Le monde est plus vaste que ce que nous en voyions
Un attroupement s’est formé devant la sortie du métro de la station Colonel Fabien. On entend des cris déchirants. Un homme à terre, paraît inconscient. Il reste immobile. Un autre debout se porte à sa hauteur. C’est lui qui lance de grands cris. Il agite ses bras dans tous les sens, s’emporte, hors de lui. Il s’agenouille sur le corps de l’homme à terre, lui ouvre violemment la chemise dans un geste exagéré. À distance, cela donne l’impression qu’il est en train de l’agresser. Une femme s’interpose pour tenter de le calmer, mais il n’y prête pas attention. Il se relève en continuant de crier.
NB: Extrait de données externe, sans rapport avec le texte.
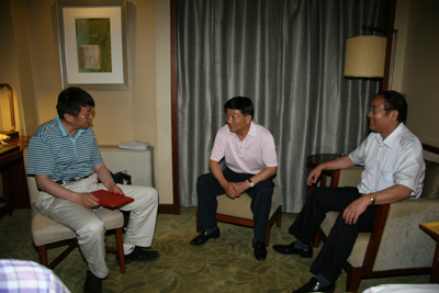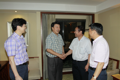 (本网讯)6月23日晚,陕西省学位委办主任孙朝、副主任杨俊利及西安工大校长廉振民教授、副校长刘卫国教授等前往宾馆看望博士学位授予单位立项建设中期检查专家组成员。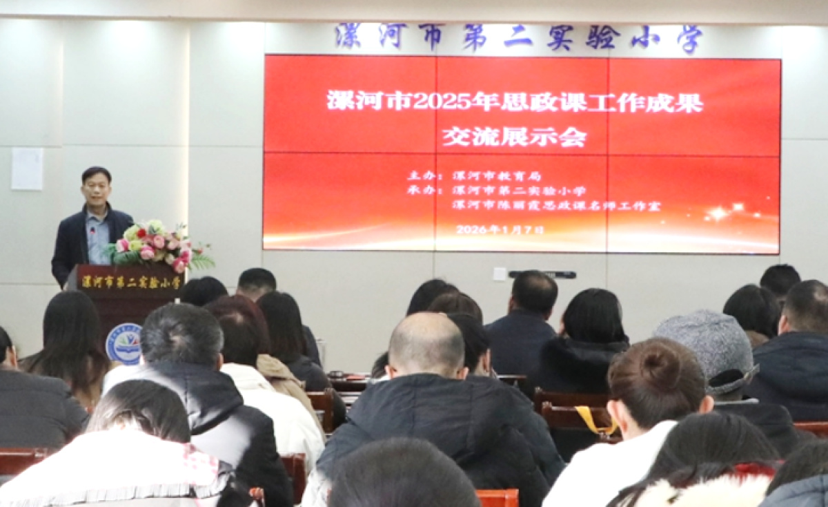 1月7日,漯河市2025年思政课工作成果交流展示会在漯河市第二实验小学召开。漯河市教育局党组书记、局长王海东,市教育局党组成员、副局长聂广桥,及市属各学校分管领导、各学段各学校思政课名师工作室负责人参加本次活动。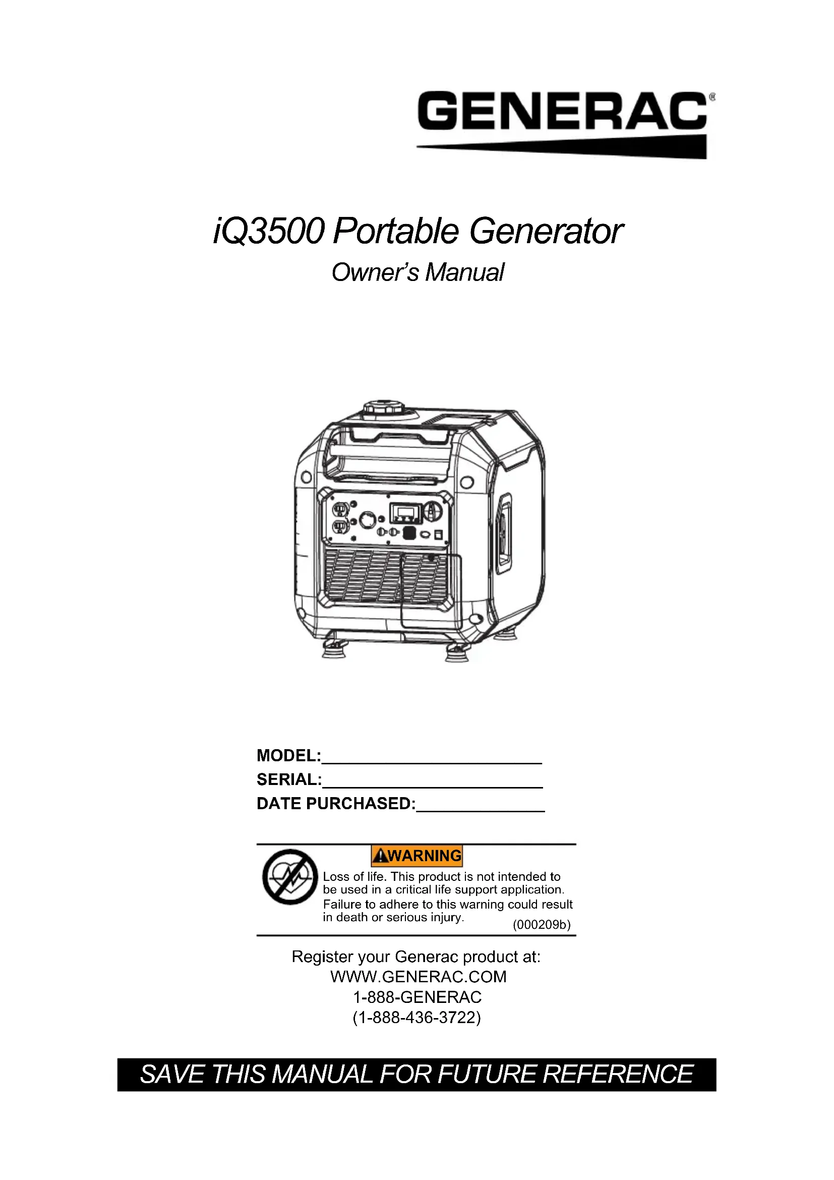 AVERTISSEMENT Danger de mort. Ce produit ne doit pas être utilisé dans une application critique de support de vie. Le non-respect de cet avertissement peut entraîner la mort ou des blessures graves.(000209b) Enregistrez votre produit Generac sur le site Internet :

Trois CRS s’approchent très lentement de lui. Hors de lui, les yeux exorbités, il les toise et les menace verbalement. Ils lui demandent de se calmer, mais l’homme ne les écoute pas, persuadé qu’ils sont la cause de l’état de son ami. Il connaît l’homme à terre. Il essaie de lui porter secours, de le relever, mais l’autre est passablement éméché, il peine s à se relever. Son pantalon descendu sur les fesses. Les CRS ne parviennent pas à lui faire entendre raison. Ils craignent un mauvais coup, se tiennent à distance en appelant du renfort. Quelques longues minutes plus tard, l’homme qui criait est maintenu au sol par l’un des CRS qui lui crie dessus, deux autres le regardent faire, tandis que cinq autres forment un large cordon de sécurité à cinq mètres de distance. L’homme qui était au sol va mieux désormais, il comprend qu’il ne peut rien faire et qu’il vaut mieux s’en aller discrètement, ce qu’il fait sans tarder. La photographie que je prends à cet instant ne traduit qu’une vision parcellaire de la réalité.